┌──

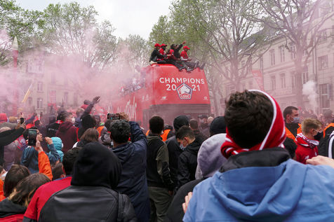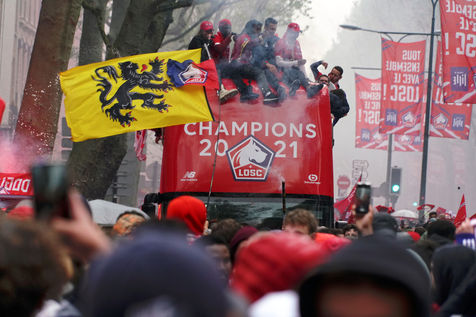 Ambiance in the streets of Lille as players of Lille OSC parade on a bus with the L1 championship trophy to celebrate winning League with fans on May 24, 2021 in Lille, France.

└──
┌──

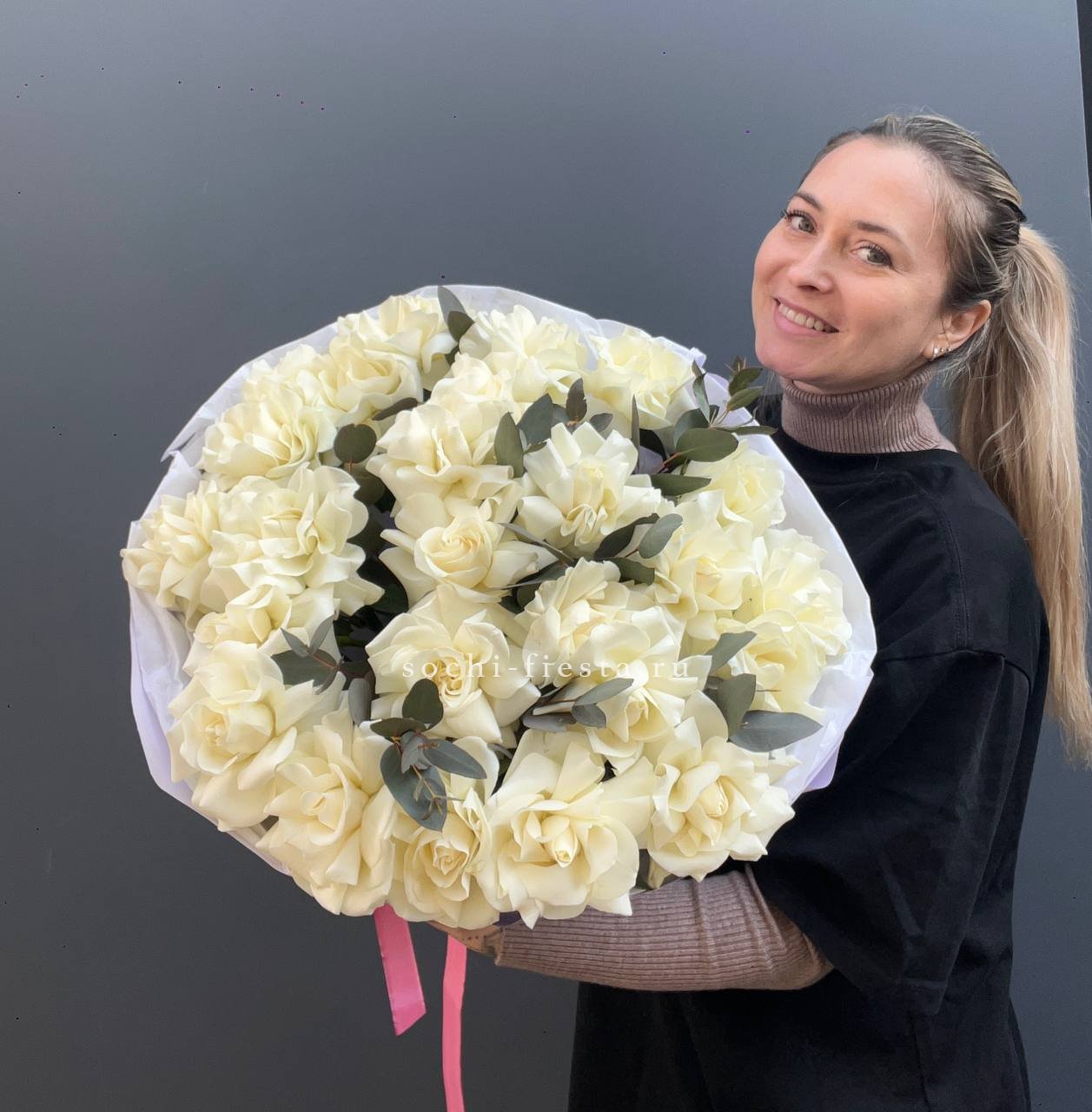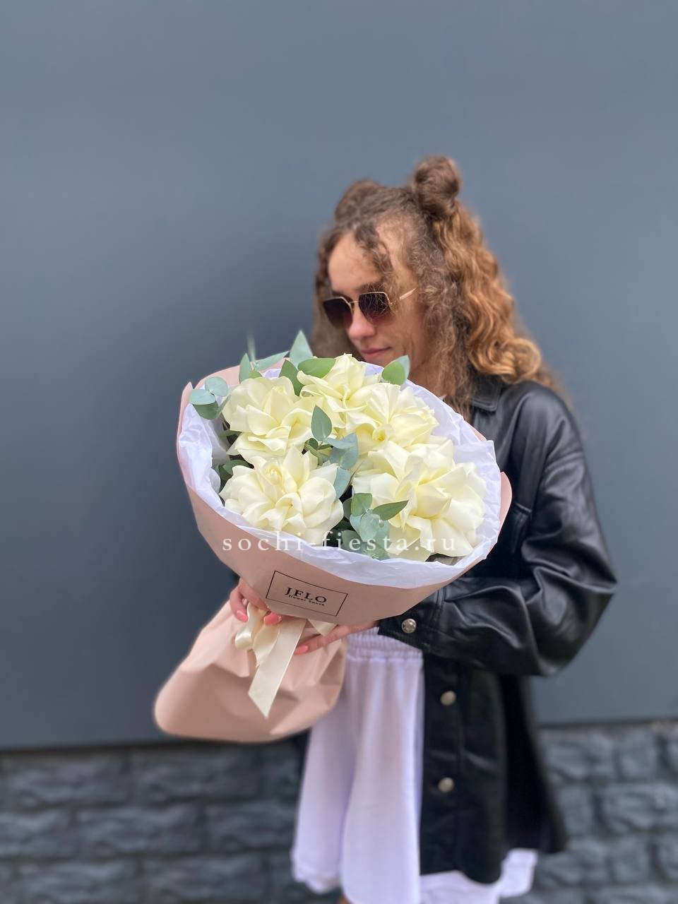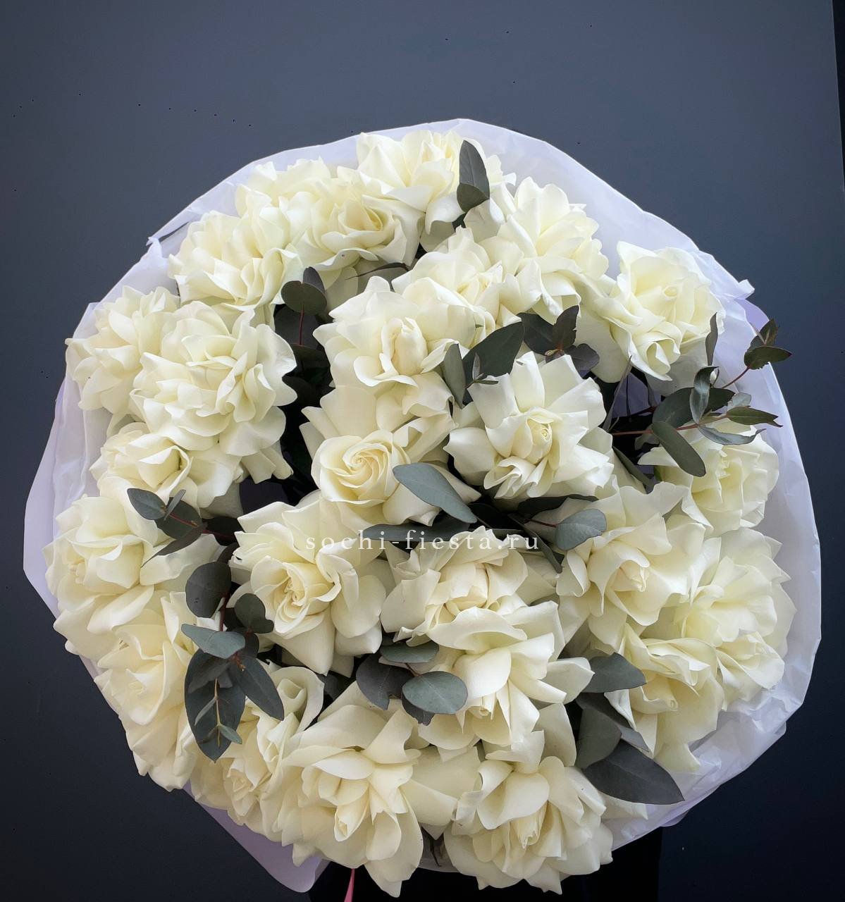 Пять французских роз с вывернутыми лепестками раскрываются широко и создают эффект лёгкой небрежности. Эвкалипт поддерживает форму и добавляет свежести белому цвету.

└──
┌──

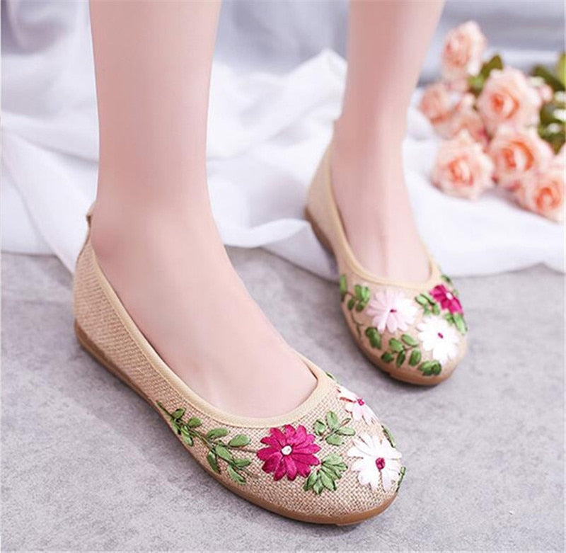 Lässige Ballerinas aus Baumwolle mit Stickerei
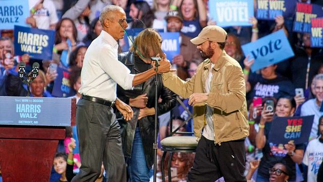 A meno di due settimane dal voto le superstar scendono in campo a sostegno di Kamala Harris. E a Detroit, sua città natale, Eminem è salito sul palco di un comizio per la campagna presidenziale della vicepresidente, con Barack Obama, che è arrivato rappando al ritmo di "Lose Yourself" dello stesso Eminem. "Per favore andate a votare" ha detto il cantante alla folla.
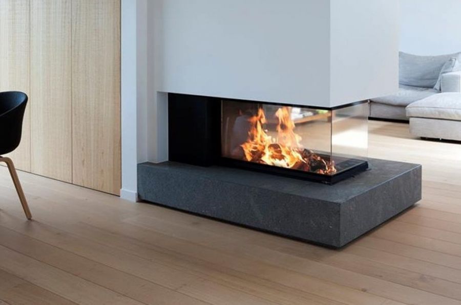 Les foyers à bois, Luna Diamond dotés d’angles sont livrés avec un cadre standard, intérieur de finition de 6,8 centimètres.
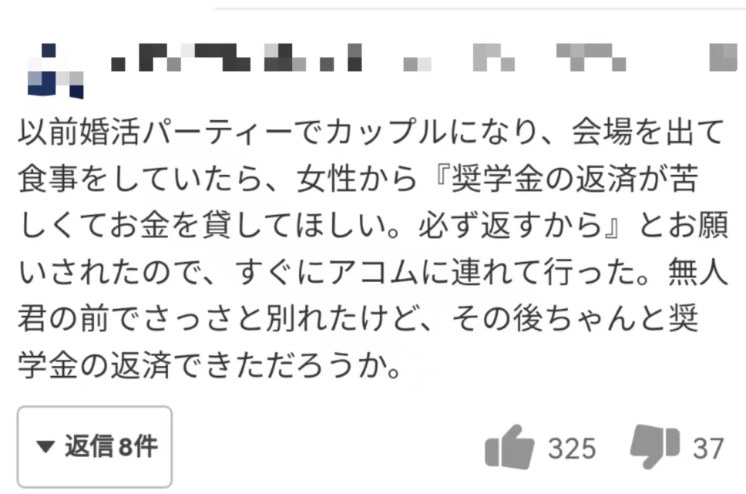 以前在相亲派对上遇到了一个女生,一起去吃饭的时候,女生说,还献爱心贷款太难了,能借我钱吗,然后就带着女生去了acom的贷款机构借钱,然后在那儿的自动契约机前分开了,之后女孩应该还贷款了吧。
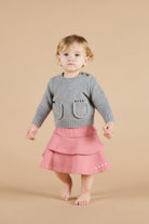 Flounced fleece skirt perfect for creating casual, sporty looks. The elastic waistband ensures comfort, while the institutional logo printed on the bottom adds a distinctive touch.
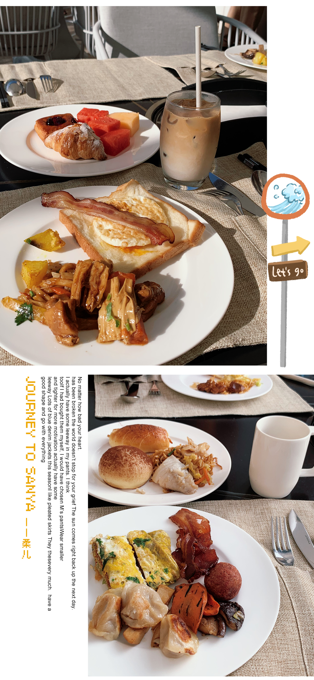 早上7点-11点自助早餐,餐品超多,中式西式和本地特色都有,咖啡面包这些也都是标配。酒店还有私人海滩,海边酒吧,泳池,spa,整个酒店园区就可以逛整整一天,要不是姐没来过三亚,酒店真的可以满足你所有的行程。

└──

§ **Your instructions**
Produce an exact reproduction of the listing above, limited to the lines starting at the line with "以前在相亲派对上遇到了一个女" and ending at the line with "早上7点-11点自助早餐,餐", both kept, with every picture left out.

§ **The answer**
 以前在相亲派对上遇到了一个女生,一起去吃饭的时候,女生说,还献爱心贷款太难了,能借我钱吗,然后就带着女生去了acom的贷款机构借钱,然后在那儿的自动契约机前分开了,之后女孩应该还贷款了吧。
 Flounced fleece skirt perfect for creating casual, sporty looks. The elastic waistband ensures comfort, while the institutional logo printed on the bottom adds a distinctive touch.
 早上7点-11点自助早餐,餐品超多,中式西式和本地特色都有,咖啡面包这些也都是标配。酒店还有私人海滩,海边酒吧,泳池,spa,整个酒店园区就可以逛整整一天,要不是姐没来过三亚,酒店真的可以满足你所有的行程。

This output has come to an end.